Let $f:[0,1]\to[0,1]$ be a continuous function with $f(0)=f(1)=0$ and verifying the following property : for all $x\in(0,1)$ there exists a $\delta>0$ such that $x-\delta, x+\delta\in(0,1)$ and $f(x)= \frac12(f(x-\delta)+f(x+\delta))$. I have to prove $f(x)=0$ for all $x\in[0,1]$
Well, it didn´t seem so difficult at first sight, but I've been some hours trying and nothing useful comes to my mind. This is what I tried, but it probably doesn´t lead anywhere, so I'd be grateful if you could give me a hint:
We take the maximum M of the function of the function $f$ in $[0,1]$. The fucntion is continuous, so it must be reached at an $x^*\in[0,1]$. If $x^*=0$ or $x^*=1$ we have the result trivially, so let's suppose $x^*\in(0,1)$. Then, there exists a $\delta(x^*)>0$ such that $$f(x^*)=\frac12(f(x^*-\delta(x^*)+f(x^*+\delta(x^*)))$$ and the only possibility is $M=f(x^*)=f(x^*-\delta)=f(x^*+\delta)$. We define a sequence such that:$$x_1=x^*$$$$x_{n+1}=x_n-\delta(x_n)$$ It's easily seen we have $f(x_n)=f(x^*)= M$ for all $n\in\Bbb{N}$. Also, the sequence $x_n$ is decreasing and bounded, so it's convergent. I was trying to prove this sequence was converging to $0$ and, because of the continuity of $f$, we would have $0=f(0)=f(x^*)=M$. However, the sequence won't always go to $0$.
Please, I need some help.
Your approach seems to be on the right track.
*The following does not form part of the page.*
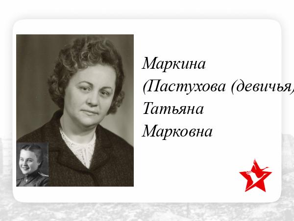 Моя мама, Маркина Татьяна Марковна (девичья фамилия - Пастухова), в 1941 году закончила 2 курс Липецкой фельдшерской школы. Летом 1941г. при приближении фашистов к Липецку эвакуировалась с заводом, на котором работали родственники, под Куйбышев, куда ранее были эвакуированы ее родители, Пастуховы Марк Павлович и Мария Ивановна с младшими двумя дочерьми Еленой и Любовью.
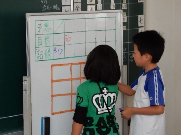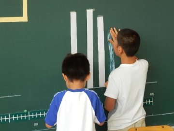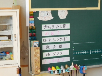 一人ずつめあてをきめたら、ローテーションカード・数直線・棒グラフの役割をきめています。

Let $X$ be the set of points of $[0,1]$ so that $f(x)=M$. Let $y=\sup M$. By the continuity of $f$, $y\in M$ (so the supremum is actually a maximum). Now, if $y\not=1$, then, by the assumption, there exists a $\delta$ so that $$ M=f(y)=\frac{1}{2}(f(y-\delta)+f(y+\delta)). $$ Since $f(y-\delta)\leq M$, it follows that $$ M\leq \frac{1}{2}(M+f(y+\delta)) $$ or that $$ M\leq f(y+\delta). $$ Since $M$ is the maximum value of $f$ on $[0,1]$, $f(y+\delta)=M$, so $y+\delta\in X$, which contradicts the definition of $y$ as being the supremum of $X$.